A Feature Engineering Approach for Literary and Colloquial Tamil Speech Classification using 1D-CNN

In ideal human computer interaction (HCI), the colloquial form of a language would be preferred by most users, since it is the form used in their day-to-day conversations. However, there is also an undeniable necessity to preserve the formal literary form. By embracing the new and preserving the old, both service to the common man (practicality) and service to the language itself (conservation) can be rendered. Hence, it is ideal for computers to have the ability to accept, process, and converse in both forms of the language, as required. To address this, it is first necessary to identify the form of the input speech, which in the current work is between literary and colloquial Tamil speech. Such a front-end system must consist of a simple, effective, and lightweight classifier that is trained on a few effective features that are capable of capturing the underlying patterns of the speech signal. To accomplish this, a one-dimensional convolutional neural network (1D-CNN) that learns the envelope of features across time, is proposed. The network is trained on a select number of handcrafted features initially, and then on Mel frequency cepstral coefficients (MFCC) for comparison. The handcrafted features were selected to address various aspects of speech such as the spectral and temporal characteristics, prosody, and voice quality. The features are initially analyzed by considering ten parallel utterances and observing the trend of each feature with respect to time. The proposed 1D-CNN, trained using the handcrafted features, offers an F1 score of 0.9803, while that trained on the MFCC offers an F1 score of 0.9895. In light of this, feature ablation and feature combination are explored. When the best ranked handcrafted features, from the feature ablation study, are combined with the MFCC, they offer the best results with an F1 score of 0.9946.
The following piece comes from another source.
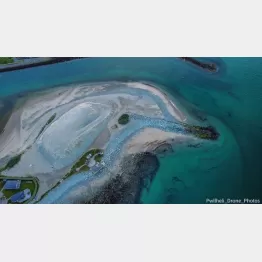 先日、リースさんはプスヘリの上空にドローンを飛ばしてマリーナの様子を撮影していて、空から見た光景がイルカの頭部に酷似していることに気が付いた。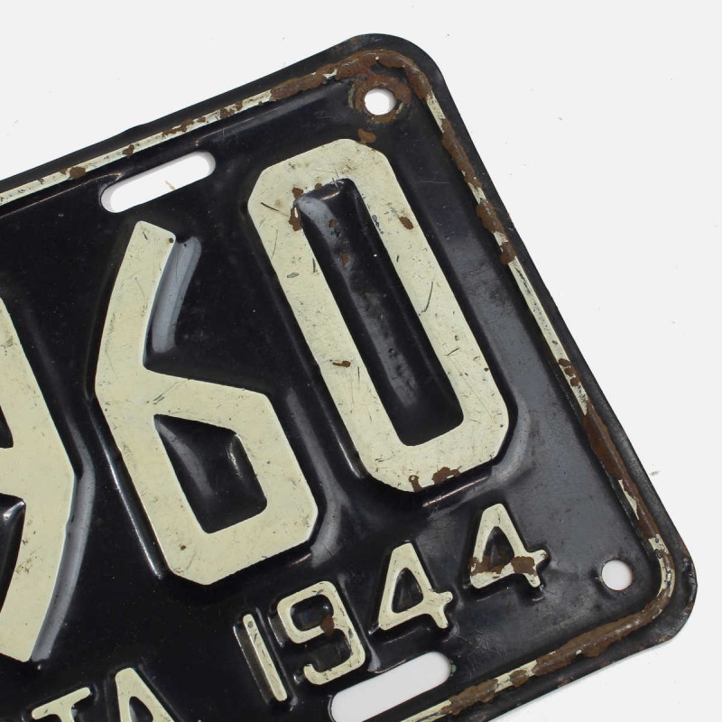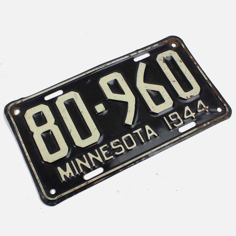 This Minnesota civilian license plate is original. It was issued to a vehicle in circulation during 1944. Good overall condition. A beautiful retro decorative item.

翻译：在理想的人机交互中，语言的日常口语形式因其符合用户的日常对话习惯而更受青睐。然而，保护正式书面语形式亦具有不可否认的必要性。通过接纳新形式并保留旧形式，既能服务于大众（实用性），也能服务于语言本身（保护性）。因此，理想的计算机应能根据需要接受、处理并使用这两种语言形式进行交互。为实现这一目标，首先需要识别输入语音的形式，本研究即针对泰米尔语的书面语与口语语音进行区分。此类前端系统必须包含一个简单、高效且轻量级的分类器，该分类器需基于少量能捕捉语音信号底层模式的有效特征进行训练。为此，本文提出一种一维卷积神经网络，该网络能够学习特征随时间变化的包络。网络首先基于精选的手工设计特征进行训练，随后使用梅尔频率倒谱系数进行对比训练。手工设计特征的选择涵盖了语音的多个方面，包括频谱与时间特性、韵律及音质。通过分析十条平行语音样本并观察各特征随时间的变化趋势，对这些特征进行了初步分析。使用手工特征训练的所提一维卷积神经网络取得了0.9803的F1分数，而基于MFCC训练的模型则获得0.9895的F1分数。在此基础上，本文进一步探索了特征消融与特征组合策略。将特征消融研究中排名最优的手工特征与MFCC结合后，取得了最佳结果，F1分数达到0.9946。